RU17379U1 - THERMOELECTRIC CURRENT GENERATOR FOR MEASURING SYSTEMS ON PIPELINES OF GAS AND OIL WELLS - Google Patents

Abstract

1. Thermoelectric current generator for measuring systems in pipelines of gas and oil wells, comprising a heat exchange unit made in the form of a half sleeve, a thermocouple battery, a cooling unit and a device for pressing to the pipeline, characterized in that a cavity is made on the surface of the half-coupling in contact with the pipe, which contains a heat-conducting fluid, while a gasket made of an elastic material is installed around the perimeter of the cavity. 2. The generator according to claim 1, characterized in that the cavity is made with a depth of at least 3 mm. The generator according to claim 1 or 1 and 2, characterized in that holes are made on the end surface of the coupling half facing the pipe, which are connected to the cavity. 4. The generator according to claim 3, characterized in that the plugs are installed in the holes. 5. The generator according to claim 1, or 1 and 2, or 1 - 3, or 1 - 4, characterized in that the device for pressing is made in the form of a beam and coupling bolts, while the beam is installed across the pipeline symmetrically to its axis and bolted with the possibility the formation of elastic stresses from bending in it.

Description

THERMOELECTRIC CURRENT GENERATOR FOR MEASURING SYSTEMS ON GAS PIPELINES AND OIL WELLS

The utility model refers to the field of direct transformations: thermal energy is converted into an electrical unit and can be plugged into thermoelectric current generators to measure this: gas on the pipeline; -: gas and oil wells.

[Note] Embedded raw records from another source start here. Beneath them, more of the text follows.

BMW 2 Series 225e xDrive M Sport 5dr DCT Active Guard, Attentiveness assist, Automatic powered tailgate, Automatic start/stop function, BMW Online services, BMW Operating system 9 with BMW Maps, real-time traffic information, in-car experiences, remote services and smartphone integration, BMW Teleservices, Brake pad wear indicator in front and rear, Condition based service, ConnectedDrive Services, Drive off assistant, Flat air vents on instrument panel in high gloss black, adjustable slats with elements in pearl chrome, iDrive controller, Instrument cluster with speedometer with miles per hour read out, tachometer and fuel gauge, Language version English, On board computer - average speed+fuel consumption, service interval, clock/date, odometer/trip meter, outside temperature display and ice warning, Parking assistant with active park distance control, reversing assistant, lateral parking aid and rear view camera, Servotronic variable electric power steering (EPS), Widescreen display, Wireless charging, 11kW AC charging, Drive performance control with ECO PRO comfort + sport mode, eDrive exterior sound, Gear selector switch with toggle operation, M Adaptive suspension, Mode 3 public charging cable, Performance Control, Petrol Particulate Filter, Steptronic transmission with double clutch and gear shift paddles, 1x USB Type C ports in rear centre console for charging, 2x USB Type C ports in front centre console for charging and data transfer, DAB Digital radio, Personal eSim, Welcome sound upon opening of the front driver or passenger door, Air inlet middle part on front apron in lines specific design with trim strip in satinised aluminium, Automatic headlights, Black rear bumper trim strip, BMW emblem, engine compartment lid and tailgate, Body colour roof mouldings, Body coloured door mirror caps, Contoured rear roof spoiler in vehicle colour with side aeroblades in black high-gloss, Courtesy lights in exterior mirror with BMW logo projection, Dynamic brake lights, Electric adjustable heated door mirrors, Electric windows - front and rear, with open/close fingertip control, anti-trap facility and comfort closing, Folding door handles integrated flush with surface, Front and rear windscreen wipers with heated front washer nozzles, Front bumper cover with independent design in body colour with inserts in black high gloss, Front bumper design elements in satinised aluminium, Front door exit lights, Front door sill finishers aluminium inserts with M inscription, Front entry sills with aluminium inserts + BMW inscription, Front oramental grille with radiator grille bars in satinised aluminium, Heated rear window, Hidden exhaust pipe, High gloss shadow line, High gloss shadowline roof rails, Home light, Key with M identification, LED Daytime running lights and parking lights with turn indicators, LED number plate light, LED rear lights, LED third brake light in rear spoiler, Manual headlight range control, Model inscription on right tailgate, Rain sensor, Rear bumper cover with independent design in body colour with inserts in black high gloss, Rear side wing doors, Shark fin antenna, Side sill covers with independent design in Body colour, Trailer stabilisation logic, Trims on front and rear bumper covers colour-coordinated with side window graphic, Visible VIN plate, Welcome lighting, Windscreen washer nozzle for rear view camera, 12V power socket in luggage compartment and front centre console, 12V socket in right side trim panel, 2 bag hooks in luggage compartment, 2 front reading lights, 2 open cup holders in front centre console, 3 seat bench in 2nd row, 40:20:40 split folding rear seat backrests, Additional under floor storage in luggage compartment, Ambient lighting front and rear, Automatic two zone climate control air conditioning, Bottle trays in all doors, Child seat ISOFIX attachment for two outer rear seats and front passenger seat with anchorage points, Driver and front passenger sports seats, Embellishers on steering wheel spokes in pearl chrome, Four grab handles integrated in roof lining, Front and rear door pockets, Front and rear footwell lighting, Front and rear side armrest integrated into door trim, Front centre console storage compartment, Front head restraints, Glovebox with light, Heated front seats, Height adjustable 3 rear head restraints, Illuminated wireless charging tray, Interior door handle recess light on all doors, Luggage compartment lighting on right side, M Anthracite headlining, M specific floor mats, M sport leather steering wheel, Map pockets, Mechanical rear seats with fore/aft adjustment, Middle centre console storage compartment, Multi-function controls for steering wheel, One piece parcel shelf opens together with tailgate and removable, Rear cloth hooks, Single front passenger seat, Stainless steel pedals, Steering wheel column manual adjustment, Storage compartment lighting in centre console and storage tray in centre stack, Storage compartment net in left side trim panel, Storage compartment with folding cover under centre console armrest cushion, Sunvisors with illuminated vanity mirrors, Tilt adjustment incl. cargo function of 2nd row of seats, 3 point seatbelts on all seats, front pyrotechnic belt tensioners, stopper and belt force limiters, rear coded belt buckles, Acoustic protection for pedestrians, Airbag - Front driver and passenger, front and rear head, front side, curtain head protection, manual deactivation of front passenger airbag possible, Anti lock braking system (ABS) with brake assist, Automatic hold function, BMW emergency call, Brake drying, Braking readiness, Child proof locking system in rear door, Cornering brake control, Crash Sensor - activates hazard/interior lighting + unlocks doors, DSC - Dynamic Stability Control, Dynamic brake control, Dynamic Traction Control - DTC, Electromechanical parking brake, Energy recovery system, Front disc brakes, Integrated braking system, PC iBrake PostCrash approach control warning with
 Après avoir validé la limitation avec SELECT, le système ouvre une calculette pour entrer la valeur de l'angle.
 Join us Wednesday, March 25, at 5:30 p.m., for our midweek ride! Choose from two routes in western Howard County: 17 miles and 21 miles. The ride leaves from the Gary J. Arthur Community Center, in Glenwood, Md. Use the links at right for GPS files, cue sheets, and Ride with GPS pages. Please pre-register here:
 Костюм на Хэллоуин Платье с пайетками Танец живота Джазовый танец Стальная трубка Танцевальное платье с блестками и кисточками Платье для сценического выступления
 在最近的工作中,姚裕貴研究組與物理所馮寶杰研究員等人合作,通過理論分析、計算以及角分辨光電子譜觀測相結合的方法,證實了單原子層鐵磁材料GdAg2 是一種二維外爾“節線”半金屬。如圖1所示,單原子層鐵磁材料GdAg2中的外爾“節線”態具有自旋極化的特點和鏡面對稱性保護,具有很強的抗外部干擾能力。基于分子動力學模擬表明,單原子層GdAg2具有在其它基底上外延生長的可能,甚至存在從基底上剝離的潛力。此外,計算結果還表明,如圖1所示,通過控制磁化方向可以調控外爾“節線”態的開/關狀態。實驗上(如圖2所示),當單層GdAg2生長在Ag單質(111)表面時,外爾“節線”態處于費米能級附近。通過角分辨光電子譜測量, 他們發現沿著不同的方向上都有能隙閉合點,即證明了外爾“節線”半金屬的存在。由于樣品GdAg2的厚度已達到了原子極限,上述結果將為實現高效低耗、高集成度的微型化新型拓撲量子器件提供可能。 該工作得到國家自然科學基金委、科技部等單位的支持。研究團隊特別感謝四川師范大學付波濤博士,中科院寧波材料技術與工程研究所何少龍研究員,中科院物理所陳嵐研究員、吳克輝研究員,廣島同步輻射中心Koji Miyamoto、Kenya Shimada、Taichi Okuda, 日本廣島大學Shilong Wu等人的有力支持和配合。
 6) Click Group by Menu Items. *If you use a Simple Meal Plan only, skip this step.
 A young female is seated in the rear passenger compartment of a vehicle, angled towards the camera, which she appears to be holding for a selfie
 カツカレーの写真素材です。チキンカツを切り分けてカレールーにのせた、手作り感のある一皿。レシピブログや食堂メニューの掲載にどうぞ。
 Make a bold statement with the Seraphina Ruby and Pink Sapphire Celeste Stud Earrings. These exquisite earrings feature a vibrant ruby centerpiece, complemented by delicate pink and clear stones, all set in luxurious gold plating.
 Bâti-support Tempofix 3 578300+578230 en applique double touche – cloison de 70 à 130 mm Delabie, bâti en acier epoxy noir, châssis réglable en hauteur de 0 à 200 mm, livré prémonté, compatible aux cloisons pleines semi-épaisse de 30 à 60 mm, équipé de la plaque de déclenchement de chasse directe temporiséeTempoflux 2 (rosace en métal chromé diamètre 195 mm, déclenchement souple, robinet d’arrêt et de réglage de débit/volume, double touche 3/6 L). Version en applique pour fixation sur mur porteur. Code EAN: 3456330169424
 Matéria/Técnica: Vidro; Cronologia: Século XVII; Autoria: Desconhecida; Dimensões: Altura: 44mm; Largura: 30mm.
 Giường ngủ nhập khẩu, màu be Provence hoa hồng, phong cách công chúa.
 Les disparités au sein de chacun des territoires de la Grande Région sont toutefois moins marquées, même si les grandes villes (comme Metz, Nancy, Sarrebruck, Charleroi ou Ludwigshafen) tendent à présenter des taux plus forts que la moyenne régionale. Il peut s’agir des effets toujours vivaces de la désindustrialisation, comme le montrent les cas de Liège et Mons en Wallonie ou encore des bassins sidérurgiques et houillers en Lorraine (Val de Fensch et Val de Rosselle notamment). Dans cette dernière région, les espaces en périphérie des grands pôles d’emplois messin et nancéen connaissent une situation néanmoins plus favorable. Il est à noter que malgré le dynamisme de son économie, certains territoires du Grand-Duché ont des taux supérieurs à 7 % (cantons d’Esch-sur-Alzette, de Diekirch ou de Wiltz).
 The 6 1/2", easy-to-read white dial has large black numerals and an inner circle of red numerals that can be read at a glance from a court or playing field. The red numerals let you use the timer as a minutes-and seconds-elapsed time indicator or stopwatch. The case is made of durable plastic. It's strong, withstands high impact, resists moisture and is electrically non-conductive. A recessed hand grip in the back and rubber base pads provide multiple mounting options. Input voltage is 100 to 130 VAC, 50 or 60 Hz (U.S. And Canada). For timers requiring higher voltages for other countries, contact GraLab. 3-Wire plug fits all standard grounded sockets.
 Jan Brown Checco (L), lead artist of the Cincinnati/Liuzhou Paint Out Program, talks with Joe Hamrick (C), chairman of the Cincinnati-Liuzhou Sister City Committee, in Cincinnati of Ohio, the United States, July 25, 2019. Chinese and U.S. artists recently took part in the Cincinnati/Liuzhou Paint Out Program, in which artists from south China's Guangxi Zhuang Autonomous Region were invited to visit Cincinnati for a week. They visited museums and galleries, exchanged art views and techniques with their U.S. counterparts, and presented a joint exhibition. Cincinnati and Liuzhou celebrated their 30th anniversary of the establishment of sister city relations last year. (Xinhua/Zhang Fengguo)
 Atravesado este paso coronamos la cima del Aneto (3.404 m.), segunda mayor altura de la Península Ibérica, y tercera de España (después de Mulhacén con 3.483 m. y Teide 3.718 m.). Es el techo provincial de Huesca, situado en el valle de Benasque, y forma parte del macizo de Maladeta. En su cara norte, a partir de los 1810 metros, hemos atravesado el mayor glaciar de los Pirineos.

The well-known thermoelectric current generators that are currently installed on pipelines close to the mouths of gas or oil wells for independent local power supply of telemetry equipment, which periodically transmit data on working parameters: wells: temperature, pressure, flow and t.

A disadvantage is known: -: thermoelectric 1111; Current generators for measuring pipelines in gas and oil pipelines: wells have large heat losses due to loose adherence of the heat exchange unit to the pipeline, which leads to a temperature difference between the wall of the pipeline and the heat exchange unit and, as a result, to the temperature comparison of the thermocouple junctions. A decrease in the temperature of hot junctions: while maintaining the temperature of the cold junctions, the power of the thermoelectric generator decreases.

Closer to the aggregate are essential: for some, the thermoelectric is a useful model; three-way: the 11th current generator for measuring systems on oil pipelines Сшша; "; the in containing a heat-exchange unit made in the form of a half coupling, a battery of thermocouples, a cooling unit and device for pressing to the pipeline, made in the form of bolts (UK patent N 2140206, MSH: H 01 L 35/20, publ.

The well-known thermoelectric current generator uses heat from a pipeline with natural crude oil, while heat is removed from the outer surface of the pipe due to its dry contact with the half-surface.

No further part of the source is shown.